What I didn’t trust was my bodily compass. Which regularly served up warnings, in the form of tremors of alarm. And rage.
Shortly after I handed over my money, I discovered that the Zendiks had an articulated hierarchy: those colored wristbands I’d dismissed as mere decoration actually indicated where on the pyramid each person stood. Needless to say, I was shocked and dismayed—I’d come to Zendik hoping to escape the ratings and rankings I’d grown all too used to, during my eighteen years in school. But I didn’t bolt. Instead, I let a veteran Zendik persuade me that there was no hierarchy—just the competitive conditioning I’d absorbed from the Deathculture (Zendik’s term for the outside world). And, of course, since I’d already sunk $13,000 into this brave new culture, I didn’t want to see deceit, or concealment—I wanted to drown my objections, and double down.
One afternoon, months later, I broke off from a work crew and fled to my space (a bed in a dorm room) to try to process a tidal wave of rage. I don’t remember exactly what had set it off (probably someone higher on the pyramid had addressed me dismissively, or given me a peremptory order); I do know I wrote in my notebook, in all caps, “I’M NOT MADE FOR SLAUGHTER.” By which I meant, I’m not interchangeable with my fellow Zendiks. I’m not a lump of labor. I’m a wild and precious being who deserves to be seen.
I ignored that warning too. As well as countless others. Always, I made up—or accepted—a story that dissolved my complaints. Plus, over the next several years, I ignored countless instances of a covert SOS: my crying fits. At Zendik, I often cried uncontrollably; as soon as I got the memo (fourteen months after physically departing) that Zendik was a cult, I stopped crying in this way. And realized that what I’d thought were tears of grief, shame, and guilt were really tears of rage. At the cage I was in. I hated it. But saying so wasn’t safe. So, instead, I sobbed—as if my heart would break.
* * *
The mind is good at gymnastics; the body is not. The body knows when it’s time to interrupt. To pause. To stop.
And: when properly trained, and managed, the mind can become an ally. Can partner with the body to return power to the soul.
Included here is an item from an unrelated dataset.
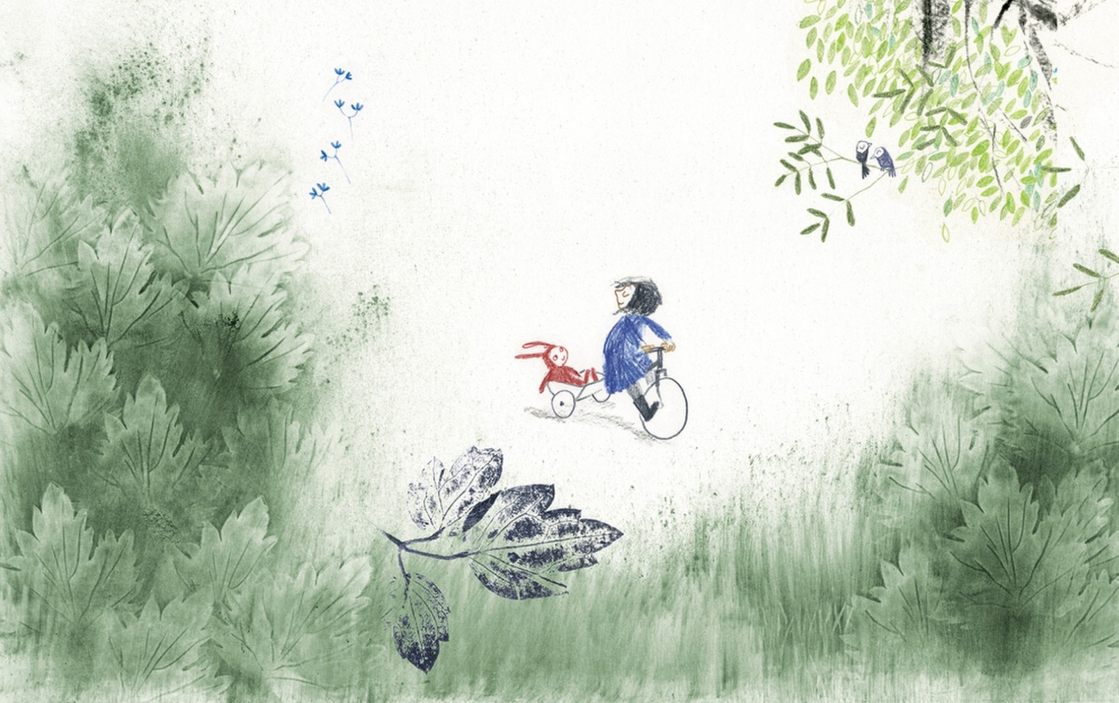 Irgendwann jedoch ist er genug gewandert und hat genug gegrübelt, über das was nicht ist. Irgendwo auf einer Wiese legt er sich hin. Dort denkt er an rein gar nichts. Er spürt die Morgensonne in seinem Gesicht und das Gras unter sich. Hört die Vögel tschilpen, den fernen Lärm der Autos, das Rollen von Kinderwagen und Laufrädern. Einfach nur dazuliegen, unter der Sonne, das fühlt sich vollkommen wunderbar an. Und plötzlich wird er hochgehoben und liegt in den Armen eines kleinen Mädchens. Und der kleine Hase traut seinen Ohren nicht, als er es etwas sagen hört…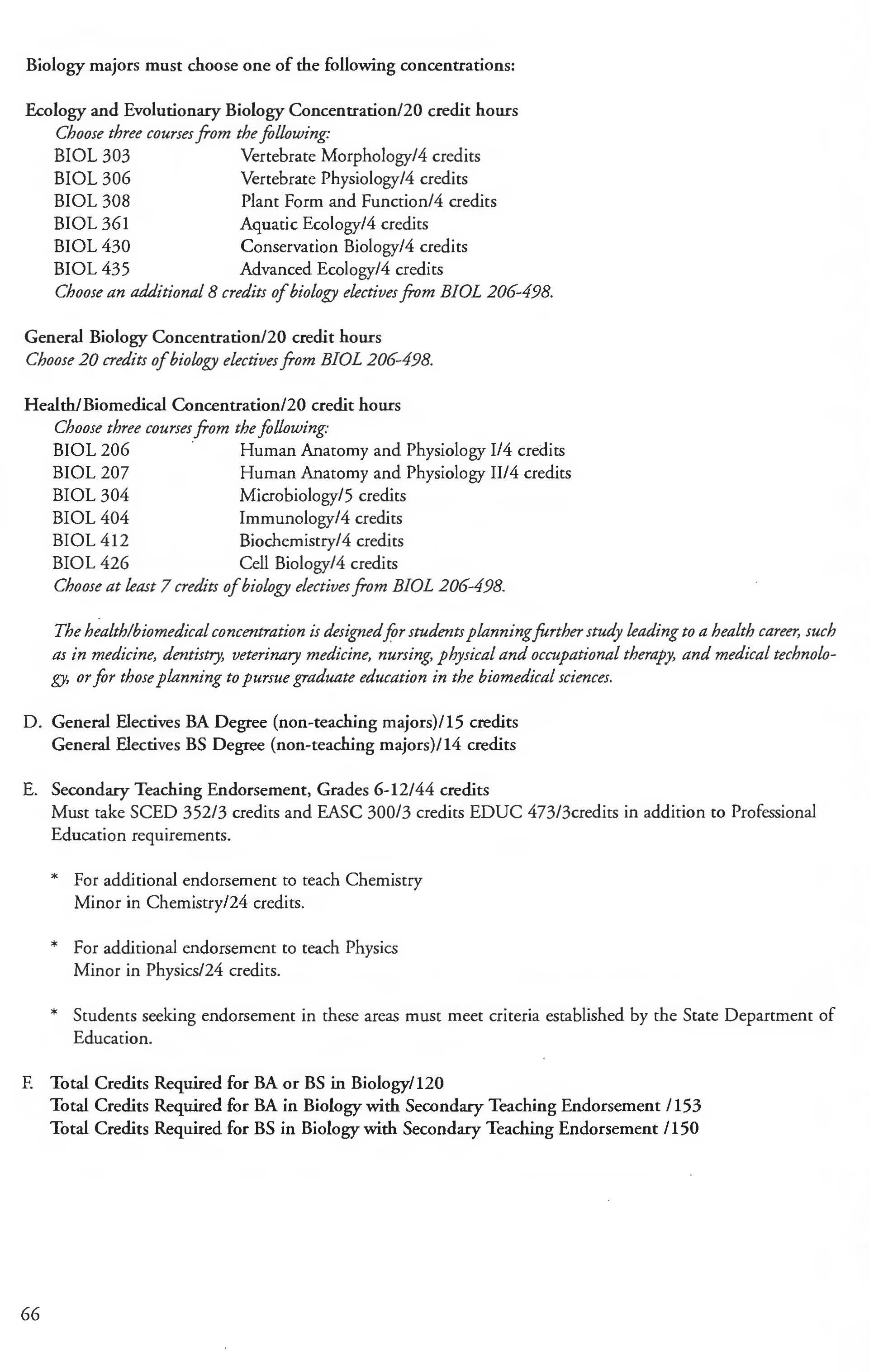Biology Major, BA, BS Degree ........... .65-66 Drop Period ..... . ................ . ...... 6 Medical Technology Concentration 72-73 Earth Science Courses 75-77 Concentration in Pre-Dentistry, Earth Science Minor .................. .... 75 Pre-Medical, Economics Major ................. ... 230-232 Pre-Physical Therapy, or Economics Courses 236-240 Pre-Veterinary Medicine .......... .... 73-74 Economics Minor . ... ..... . .......... ... 232 Biology Minor 67 Education Courses 255-258

Life coaching, as I know it, is an art form devoted to building this partnership. Which sits at the heart of self-trust.
* * *
According to some cult experts, the number one predictor of whether someone will enter a cult is not the conditions of their upbringing, their degree of naïveté, or the strength of their lust for belonging. Rather, it’s their stage in life: those between commitments, those in transition, are far more likely to sign on. And, I propose, it’s during these in-between times that it’s hardest to heed your own compass (or even discern what it says). Hardest to practice self-trust.
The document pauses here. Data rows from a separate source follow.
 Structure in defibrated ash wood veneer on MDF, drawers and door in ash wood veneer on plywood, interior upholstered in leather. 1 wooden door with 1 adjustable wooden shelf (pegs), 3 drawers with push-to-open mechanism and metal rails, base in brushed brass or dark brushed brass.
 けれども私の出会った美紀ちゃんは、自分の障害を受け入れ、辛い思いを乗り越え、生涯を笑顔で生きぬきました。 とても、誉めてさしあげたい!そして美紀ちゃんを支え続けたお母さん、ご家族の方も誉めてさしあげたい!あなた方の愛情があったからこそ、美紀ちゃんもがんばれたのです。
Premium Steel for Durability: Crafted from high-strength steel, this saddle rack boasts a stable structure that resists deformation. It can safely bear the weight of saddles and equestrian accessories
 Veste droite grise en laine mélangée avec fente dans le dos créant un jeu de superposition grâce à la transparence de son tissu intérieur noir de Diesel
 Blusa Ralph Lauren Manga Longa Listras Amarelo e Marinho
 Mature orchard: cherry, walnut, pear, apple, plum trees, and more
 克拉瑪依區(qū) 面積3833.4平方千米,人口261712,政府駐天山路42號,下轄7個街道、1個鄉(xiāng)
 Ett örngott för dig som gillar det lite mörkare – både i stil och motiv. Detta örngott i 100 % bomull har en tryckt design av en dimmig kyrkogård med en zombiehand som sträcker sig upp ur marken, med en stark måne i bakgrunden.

Arol, Zendik’s leader, was notorious for telling her followers who they were. As well as what they wanted. I was not the only one who believed she could read my thoughts.
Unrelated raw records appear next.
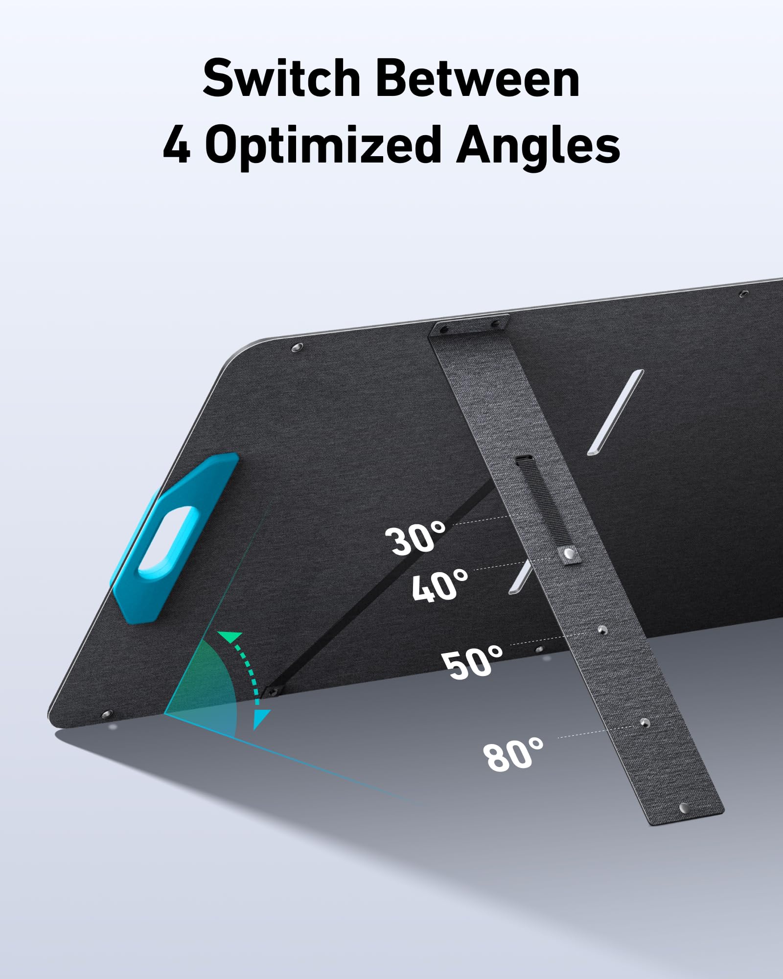 - 4 Set Angles for Max Sunlight Absorption: No matter where you are, the season, or time of day, you can maximize sunlight absorption. Easily switch between 30°, 40°, 50°, or 80° angles.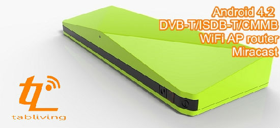 Displayed is an Android Digital TV bar that runs 4.2 Jellybean system. It support digital TV (DVB-T, ISDB-T, DAB, CMMB, T-DMB) and has wireless display function (Miracast, Wi-Fi direct, DLNA, Airplay).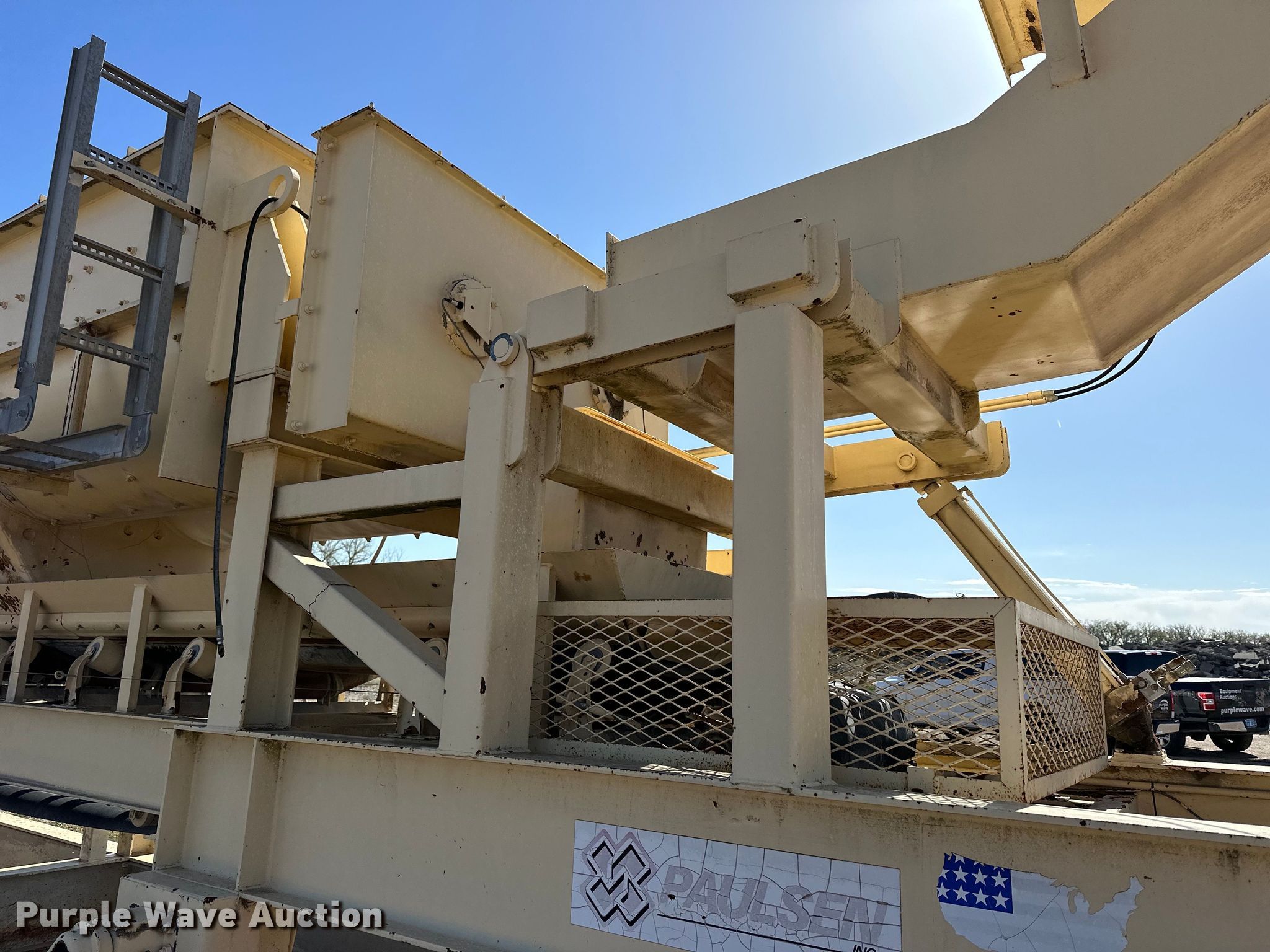 2005 Astec PLM-T400 pug mill. Serial: 050481501, Unit #: 0889. Features Conveyor Length: 50', Width: 28", Hydraulic lift, Input hopper Length: 13' 10", Width: 42". Tires Tire size: 11R22.5. Paulsen Inc.. Cozad, NE 69130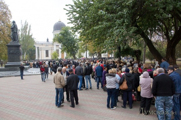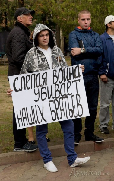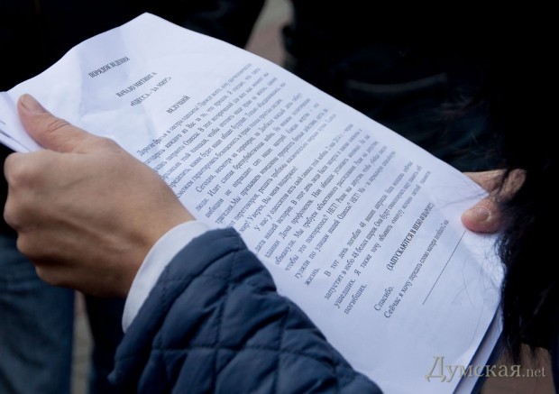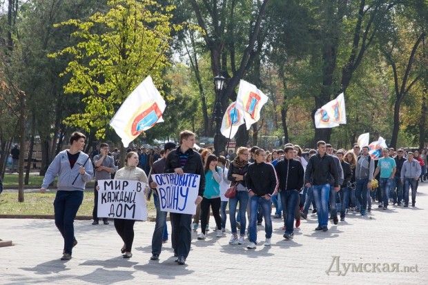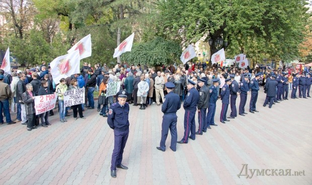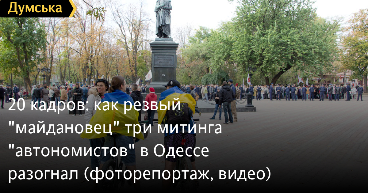 Наиболее душевным было их общение с любителями России, которые собрались на Соборке, за памятником графу Воронцову, чтобы потребовать автономии. В руках путинцы держали странные флаги с гербами Одессы на белом фоне. Было видно, что в отсутствие лидеров участники акции, люди преимущественно пожилого возраста, растерялись. Сначала они выстроились в колонну, чтобы пойти по городу, но беседа с «майдановцами» остудила их пыл. Свою роль сыграла и милиция, перекрывшая «автономистам» путь на Куликово поле.

But she couldn’t. And, I now understand, no one who truly wants to help you will ever attempt to plant their own ideas, their own vision, in your mind.
As a coach, my number one job is to ask open and honest questions. To unearth, with my clients, the stories they’re telling themselves. To explore, and show them, the workings of their brains. To help them discover who they want to be, and what they want to achieve. To ask, over and over again: Why?
And when I do offer thoughts that seem consonant with my clients’ expressions of their true desires—thoughts they might use to build better stories—I do not assume that they will help, or that I’m right. Instead I ask: What emotion comes up when you think that? How does that thought feel, in your body?
* * *
Last year, at forty-four, I decided, once again, to transform my life. In particular, I wished to exit a gig I was doing only for the money, start down a path toward scalable income, and find a way to align soul-purpose with cash flow. But this time, I had coaching—so, instead of seeking a group that pledged to solve all my problems, I looked inward, and set about facing my fears: that I would run out of money. That I would make the wrong decision. That I would never find another gig that paid as well as the old one.
Now, at forty-five, I can say with confidence that I’ve made my transition. Discovered my soul-work. And built a better story, out of self-trust.